3 minute read
Conveyor functions as varied as applications
Conveyors are core to material handling … for transporting packages as well as improving workflows and even interfacing with other automated systems. Just consider the requirements placed on zero-pressure accumulation conveyors — systems with precision controls to prevent products from bumping or even touch while conveying for the prevention of damage to expensive workpieces and fragile products. Such designs require IoT connectivity for data sharing as well as precision motion and optimized efficiency.
These and other conveyors for discrete product transport benefit from customization to satisfy requirements — including support frames; chain and belt size, morphology and material; controller, drive, and motor or motors; mode of engagement with the drive; encoder, vision, and switch feedback; tracks, bumpers, and gates; and HMIs and plant-level IT integration.
For example, warehouse automation requires ultra-fast sorting and tracking … and conveyors with servomotor functionality integrated with inspection stations fitted with machine vision. Or consider pharmaceutical manufacturing — now a trillion-dollar industry and expected to grow to address COVID-19 — with especially stringent regulations. Here, conveyors must deliver top-notch warehouse automation functions and have stainless and aluminum parts to pose no risk of contamination to expensive pharmaceutical products such as pills. Likewise, medical-device manufacture must adhere to FDA regulations that dictate equipment-sterilization schedules so conveyors in these applications withstand harsh washdowns.

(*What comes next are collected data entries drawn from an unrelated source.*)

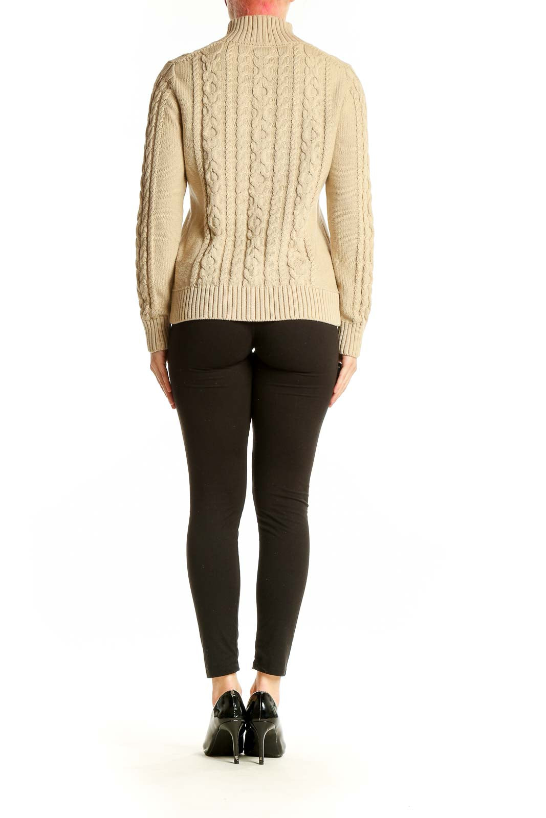 Wrap yourself in cozy comfort with this classic beige cable knit cardigan from L.L.Bean. Crafted from soft, durable cotton, this zip-up sweater features an intricate cable knit pattern that adds texture and visual interest. The full-length zipper allows for versatile styling, while the stand-up collar provides extra warmth on chilly days. With a flattering fit that hits at the hip, this cardigan is perfect for layering over your favorite tops. The excellent condition ensures you'll enjoy this timeless piece for seasons to come. Whether you're heading to the office or enjoying a weekend outing, this L.L.Bean cardigan is a wardrobe essential that combines style and practicality.
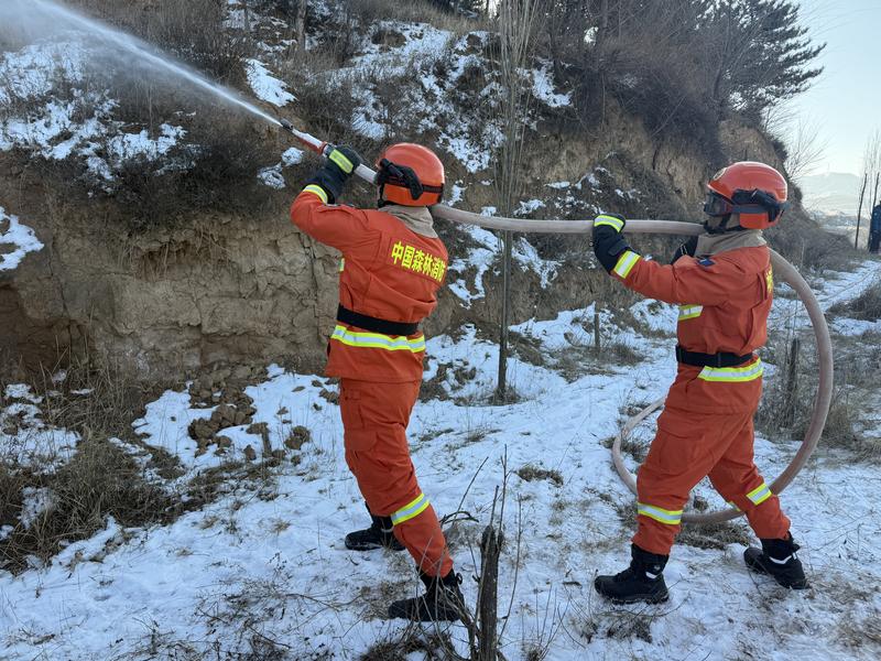 救援队员进行操控水带开展扑火实训(席兆平 摄)
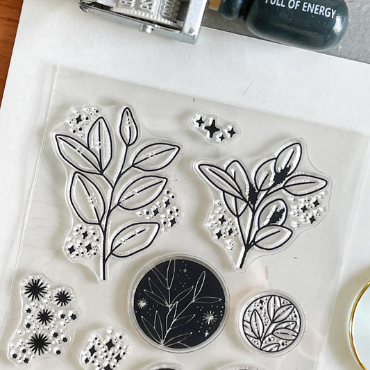 Moon and Leaf Clear Stamp | Botanicals Transparent Rubber Stamps | Bullet Journal Planner Accessories Card Making
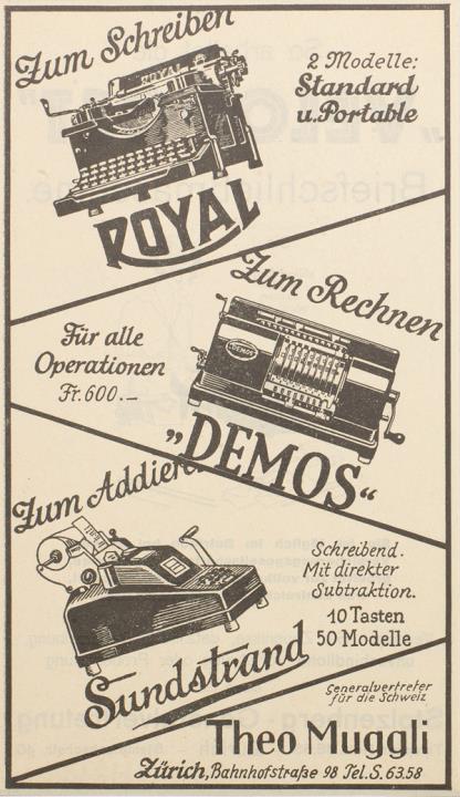 Werbeanzeige für Schreibmaschinen und Rechenmaschinen der Büromaschinenhandlung Theo Muggli monochrom
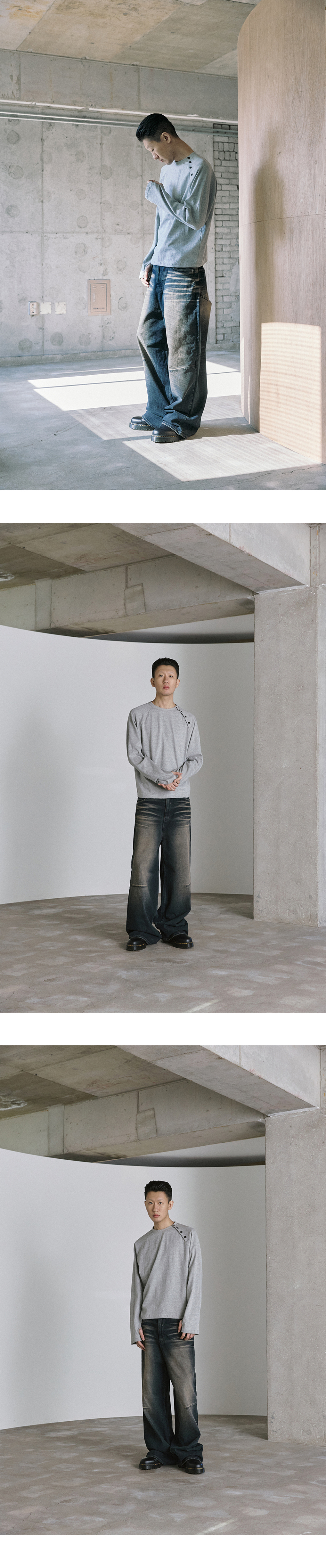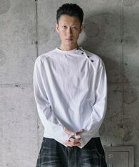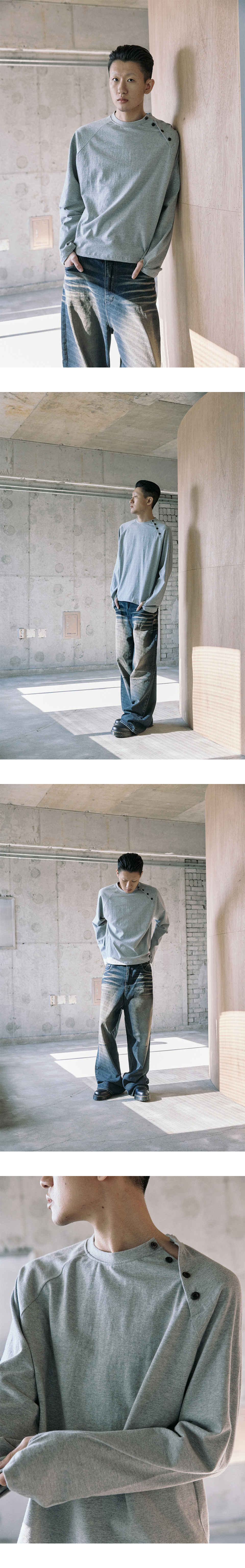 코튼 스냅 롱 슬리브 - 멜란지
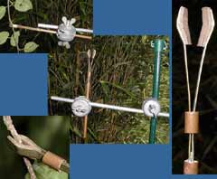 The picture shows it set up to hold a branch on the Birch tree as I tried to take photographs of a couple of the sawfly larvae shown below. The clamp consists of two brass strips, bent at one end to form a jaw which is padded with bits of draught excluder. The strips are soldered into the end of a copper tube, and a small piece of the same tubing can be slid along the strips to open and close the clamp.

Another example is how some highly engineered flat-top conveyors streamline still other material handling. Among the many varieties of conveying systems, flat-top conveyor chains perform like belts but can also convey, transfer, accumulate, meter, elevate, and lower items of various sizes and shapes. The VersaFlex conveyor from mk North America is one such flat-top chain conveyor system for complex design needs. It replaces the company’s SBF-P 2254 conveyor line … and excels as a pallet-handling conveyor system in many industries. Conveying the product on a pallet achieves a more streamlined approach to material handling which in turn maximizes manufacturing productivity, flexibility, and product quality.
Consider another way in which conveyors improve upon traditional arrangements — in production. Here traditional work areas are separate from parts warehouses — and external logistics integrate only with warehousing operations. In some instances, automatic guided vehicles (AGVs) might travel the plant floor and feed assembly or finishing lines at regular intervals. Then personnel at stations execute fairly specific operations — picking pieces and finishing assemblies, for example. But automated plants today are looking to satisfy end-user demand for increasingly customized product. Just consider how amazon.com offers a huge array of choices for nearly any product type imaginable. That demands far more items in any given warehouse than in the past — and facilities that can handle the exponential rise in item numbers.
Here and in similar operations with comparable complexity, overreliance on manual labor adds too much cost into the final delivered-product cost. Using AGVs to supply all the items or parts to work or assembly stations would quickly choke even expansive operations with unsafe and insufficient traffic. Totally automating finishing processes using robots is often unsuitable or impractical.
Conveyors are a great solution to these limitations. Conveyors free personnel from rote jobs so they can focus on more complicated factory tasks — supplanting bins, AGV part racks, and a mishmash of unergonomic pallets and boxes around a work cell with more efficient presentation of parts to be processed.
Pioneered by the Toyota’s World Class Manufacturing (WCM) concept, conveyors complement use of what’s called the Golden Area — the immediate area around a worker in which no time is wasted. In addition, conveyors support operations with exceptionally numerous item variations and delivery requirements as well as those that need automated order tracking.